Lina describes herself as strong and independent. Born in Yemen and brought to the U.S. as a toddler, the 22-year-old now works retail at a mall to pay her way through college.
"I was raised very, very Americanized. I did sports, I did community service, I worked," Lina says. (NPR is not using her full name because she fears retribution from her family.)
When people hear her story, she says they tell her, "I never thought that this would ever happen to you."
A year ago, Lina says her parents took her to Yemen, claiming her grandmother was gravely ill. But once she was there, Lina's father announced that she would be getting married to a local man, despite her objections.
While in Yemen, "I wasn't allowed out of the house longer than 10 minutes, and somebody always had their eye on me," Lina says.
She did have her phone and emailed the U.S. Embassy. But the State Department says that its ability to help in such situations is limited.
So Lina went ahead with the wedding. She says she felt she had no choice after overhearing a chilling comment that family friends made to her parents.
"The cost of a bullet is less than a dollar," Lina recounts hearing. "And what they meant by that is that my life to these people, it's very, very cheap," she says. They were threatening to kill her.
"These are courageous women and girls who are facing extreme circumstances," says Layli Miller-Muro, executive director of the Tahirih Justice Center, a national nonprofit that provides legal help for immigrant women forced to marry. Tahirih recently documented 3,000 forced marriages in the U.S. during a two-year period. The victims have little recourse, Miller-Muro says.
"Some of our clients have ... actually committed suicide as their only way out," she says. "They've been beaten. They have been imprisoned in their own home. They've been starved."
U.S. laws are not designed to deal with the complexity of forced marriage, Miller-Muro says, especially if there's no pattern of past violence. Even state laws on the marriage age don't always help. Most were written for Romeo and Juliet scenarios, she says, and power lies with parents, not the young people.
"[The parents] can go to a court and get a marriage certificate, indicate they're waiving the minimum age requirement," Miller-Muro says. "And the court has no procedures in place to ensure the child is wanting this. And so we've seen this happen."
Parents often consider marriage a matter of family pride and honor. It's a way to protect daughters, and sometimes sons, from "Western ways."
The Tahirih Justice Center has documented forced marriage in almost every U.S. state, among communities with ties to dozens of countries and across many religions.
"People often ask me when I tell them my story, 'Where you from? Iran?' And I tell them I'm from Brooklyn," says Fraidy Reiss, who was raised ultra-Orthodox Jewish.

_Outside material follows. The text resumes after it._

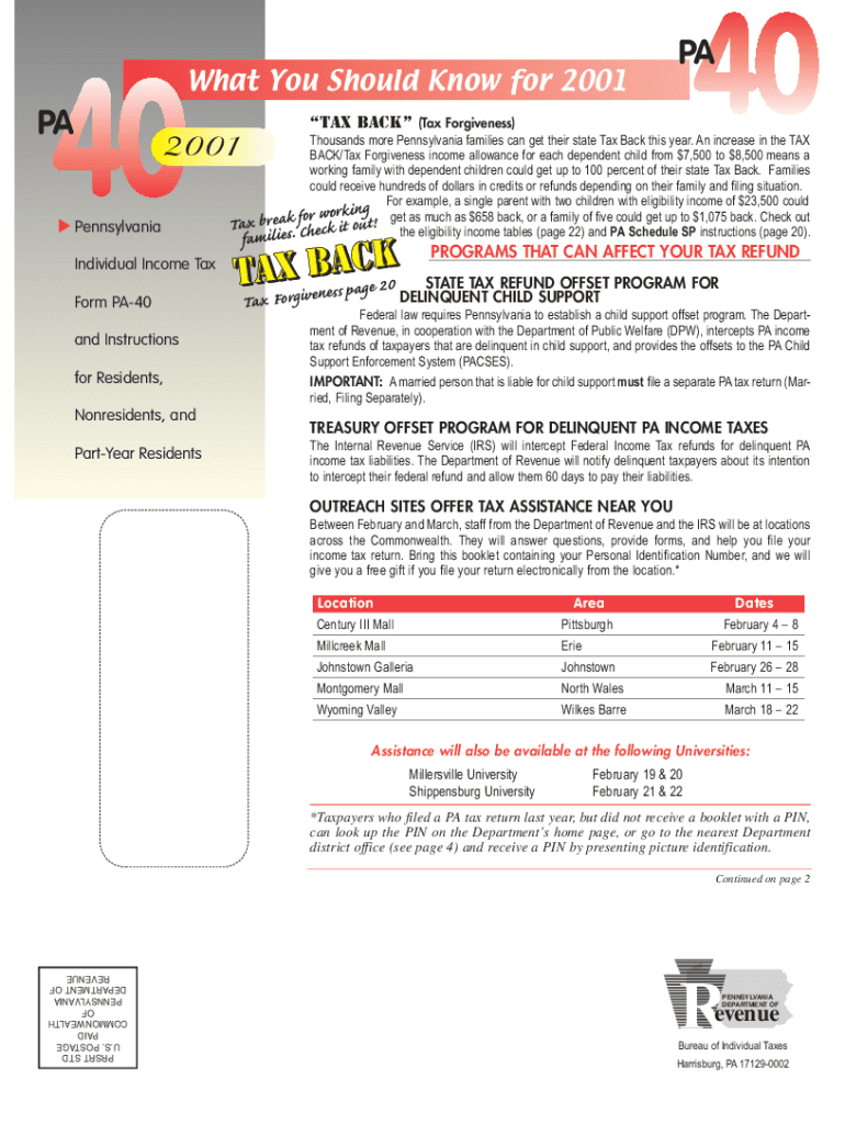 What You Should Know for 2001PATAX BACK (Tax Forgiveness)2001PennsylvaniaThousands more Pennsylvania families can get their state Tax Back this year. An increase in the TAX BACK/Tax Forgiveness income
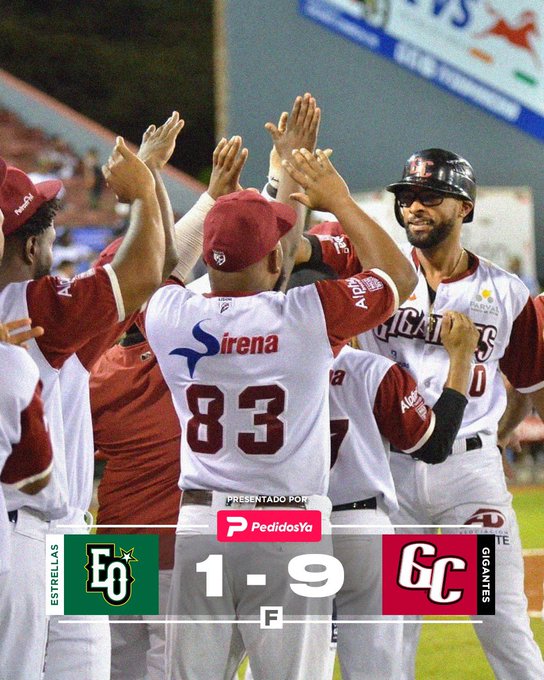 SAN FRANCISCO DE MACORÍS. – Luego de una caliente serie regular en la que bateó .340 con 3 jonrones en 63 turnos, el cubano Henry Urrutia está que arde en la parte inicial de la fase semifinal.   La noche del miércoles el inicialista de bate zurdo conectó par de cuadrangulares y remolcó cinco carreras para encabezar el tercer éxito de los Gigantes del Cibao en igual número de salidas, un aplastante triunfo 9-1 sobre las Estrellas Orientales que bajaron a 1-2.

Reiss says her community was insular. Her ultra-Orthodox high school prepared her for a life devoted only to a husband and children. "I actually had to sign a paper promising that I would not take the SATs or drivers ed," she says.

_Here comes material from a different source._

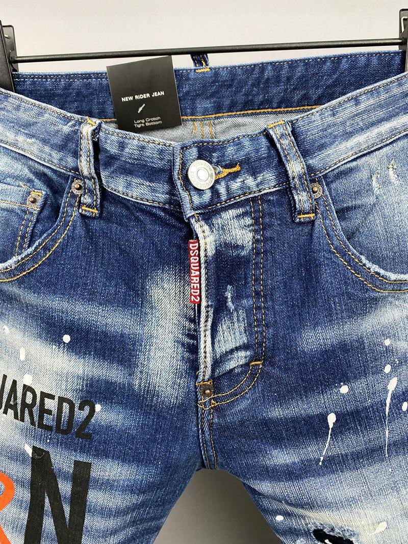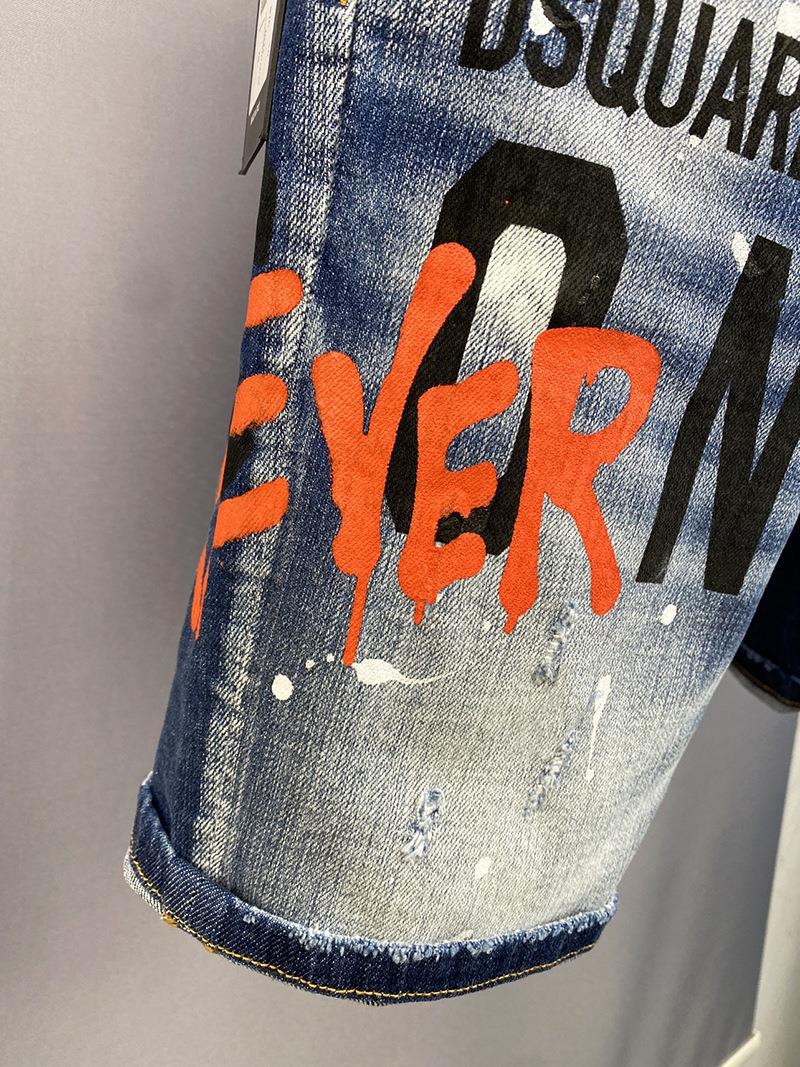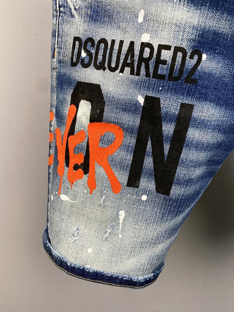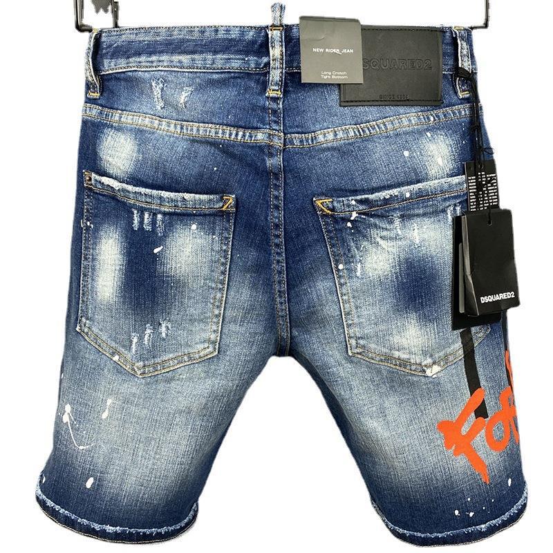DSQ男士中裤时尚印花五分裤修身棉弹合体短裤男欧美男装水印牛仔
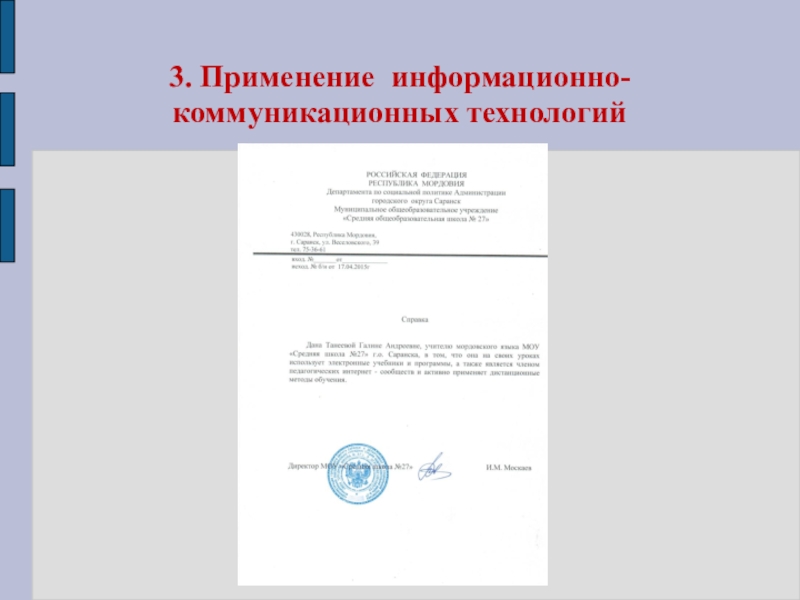 - выступление «Рефлексия как этап современного урока мокшанского языка по ФГОС» на Всероссийской научно-практической конференции молодых исследователей с элементами научной школы «Интеграция науки и культуры в образовательное пространство: молодежный взгляд», 31 октября 2013 года.

But, after marrying at age 19, Reiss did learn to drive. She also got a college degree, over objections from her controlling husband. That allowed her and her two children to leave after 12 years of a marriage she calls verbally abusive and volatile.
Reiss now heads Unchained at Last, a nonproft that helps other women get out of marriages they were forced into.
These women have "heartbreaking stories," Reiss says. "Women call and say, 'I've been in this house, you know, for seven years, since I was 16. I have two children. I haven't been allowed to leave the house. Please, please help me,' " Reiss says.
The families of young brides will often promise American citizenship to a foreign husband in lieu of paying a dowry, Reiss says. Sometimes the bride is the one brought to the U.S. from overseas, Reiss says, though the women she has helped in that situation have generally not been sponsored for U.S. citizenship. She thinks families use the threat of deportation to keep women from leaving or reporting their abuse.
She would like to see the U.S. do more for these women, and she and others point to the U.K. as an example. The country has a national hotline with an extensive education campaign. A Forced Marriage Unit can reach overseas to help extricate women from a coerced wedding. Last year, England and Wales also made forced marriage a crime, punishable by up to seven years in prison.
Reiss likes the idea of criminalization, though the Tahirih Justice Center worries it could discourage girls from seeking help. The center's director of policy and programs, Archana Pyati, would like to see the U.S. create something else the U.K. has: civil protection orders, specifically to protect girls from the pressure to marry.
"A judge would hear testimony about the complex web of social, familial and other factors that are making her feel that she's trapped," Pyati says, "so that a judge could, in fact, recognize a forced marriage when he or she sees one."
Lina, the young woman who got married in Yemen, managed to convince her husband and his family to let her return to the U.S. They remain in Yemen.